I have a large series of data frames in R on which I want to perform some actions all at once in a for loop.
The data frames contain information on gene expression data. For each gene, there is information on upregulation/downregulation and an associated P-value. Ultimately, I want to obtain a new data frame containing the number of significantly (P value < 0.05) up- and downregulated genes for each data frame.
I am going about this in two steps:
- subset the data frames in subsets containing only up- and downregulated genes
- calculate the number of significant genes in each subsetted data frame
First, let's make two dummy data frames:
#data frame 1
gene = c('gene1','gene2','gene3','gene4','gene5','gene6')
direction = c('up','up','down','down','down','up')
Pvalue = as.numeric(c(0.05,0.06,0.001,0.075,0.11,0.12))
df1 = as.data.frame(cbind(gene,direction,Pvalue))
> df1 gene direction Pvalue 1 gene1 up 0.05 2 gene2 up 0.06 3 gene3 down 0.001 4 gene4 down 0.075 5 gene5 down 0.11 6 gene6 up 0.12
#data frame 2
gene = c('gene1','gene2','gene3','gene4','gene5','gene6')
direction = c('down','up','down','down','up','up')
Pvalue = as.numeric(c(0.043,0.001,0.34,0.96,0.001,0.04))
df2 = as.data.frame(cbind(gene,direction,Pvalue))
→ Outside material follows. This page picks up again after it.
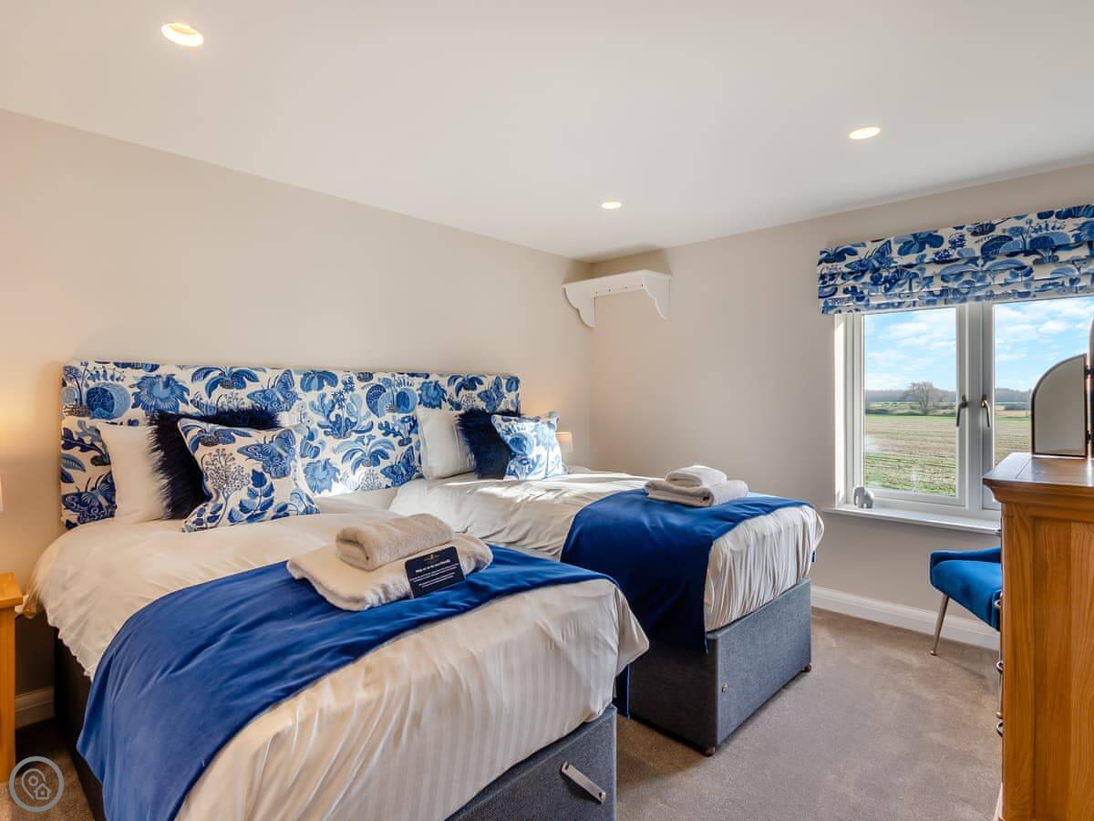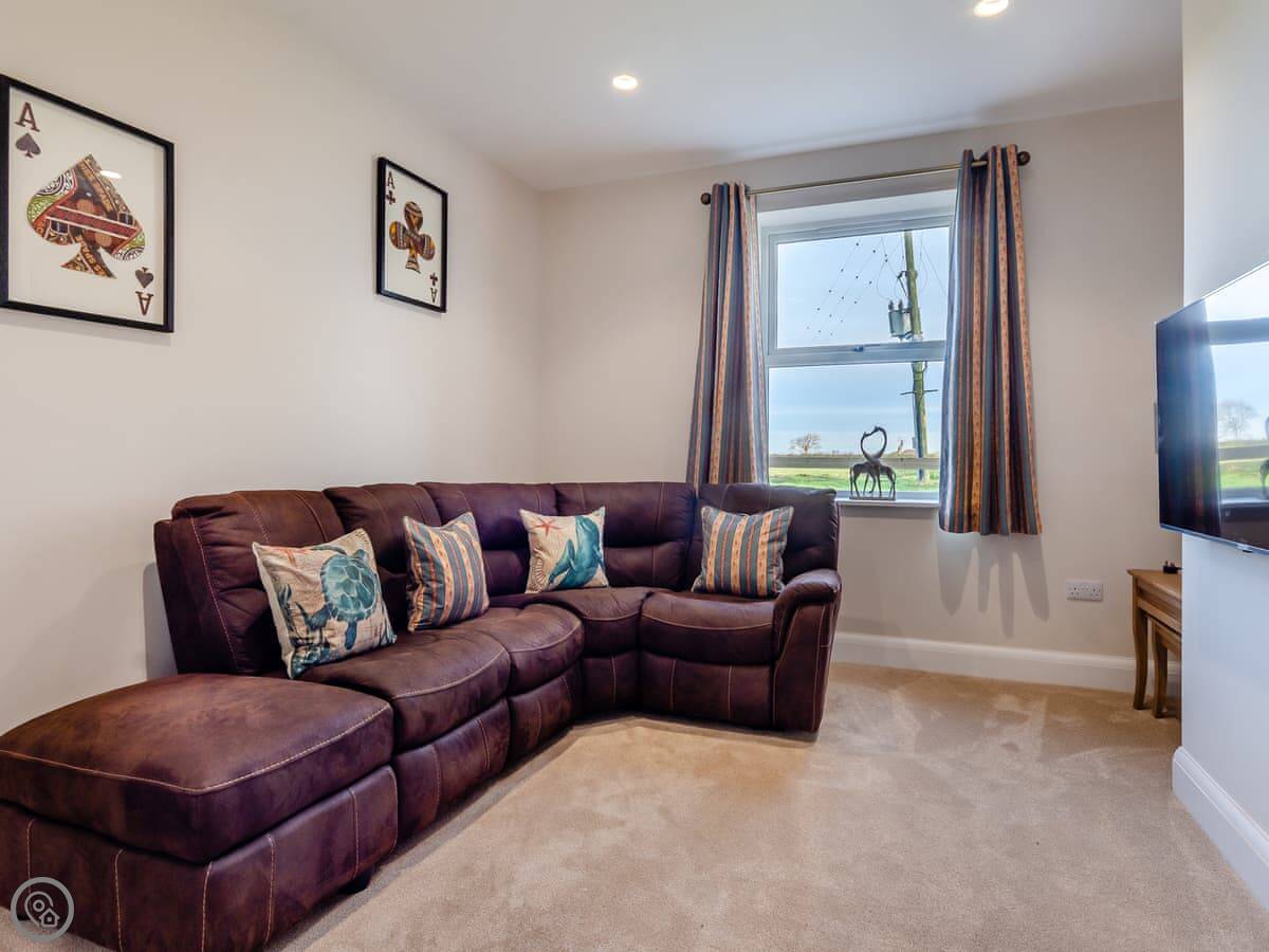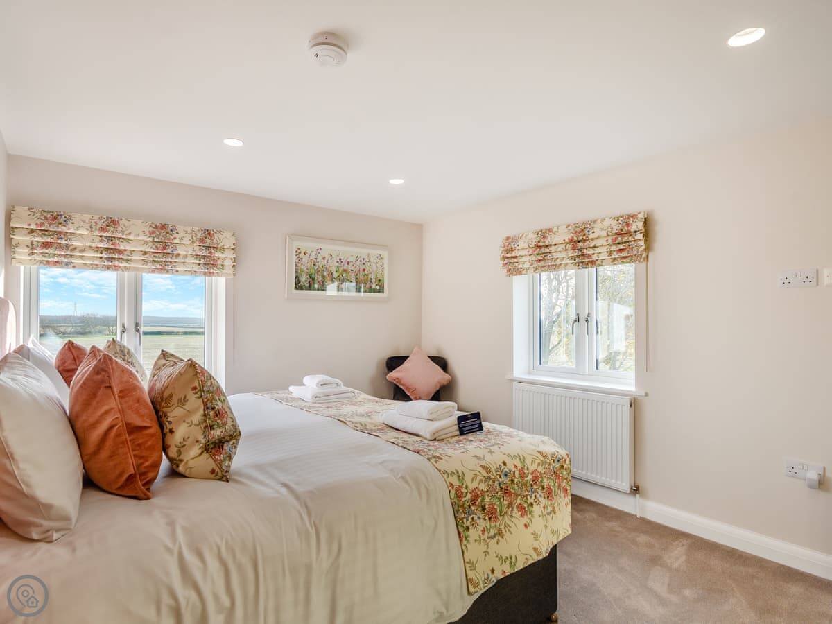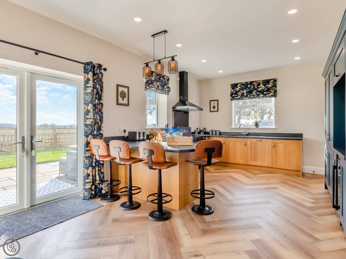 It's got a 5 Star rating, which in this case means it's finished to a high standard. Underfloor heating, Smart TVs you can log into, that sort of thing. There's a hot tub, an enclosed garden, and a woodburning stove. It's on a working farm, so you might see tractors about. There's plenty of parking.
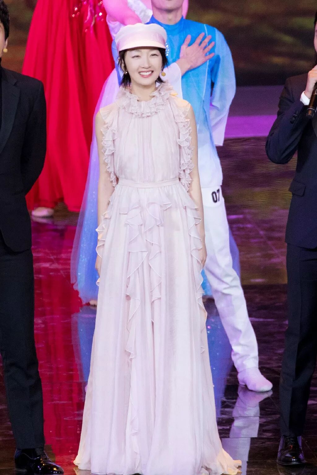 她参加第17届电影华表奖,戴了一顶粉色报童帽。▼

> df2 gene direction Pvalue 1 gene1 down 0.043 2 gene2 up 0.001 3 gene3 down 0.34 4 gene4 down 0.96 5 gene5 up 0.001 6 gene6 up 0.04
Then, I made a list containing the names of all data frames:
df_summary = c('df1','df2')
After which I use a for loop over this list to do steps 1 and 2 outlined above:
df3 = data.frame()
for (df in df_summary){
df_down = df[df$direction == 'down',]
df_up = df[df$direction == 'up',]
df_down_sign = length(which(df_down$Pvalue < 0.05))
df_up_sign = length(which(df_up$Pvalue < 0.05))
df3 = rbind.data.frame(df3, c(df_down_sign,df_up_sign))
}
This code works perfectly fine on individual data frames outside the loop, but throws me the following error when I run the loop:
Error: $ operator is invalid for atomic vectors
The output I am looking for should look like this:
dataframe number 1 df1 1 2 df1 0 3 df2 1 4 df2 3
So my question: why am I getting this error in the for loop, and how to solve it?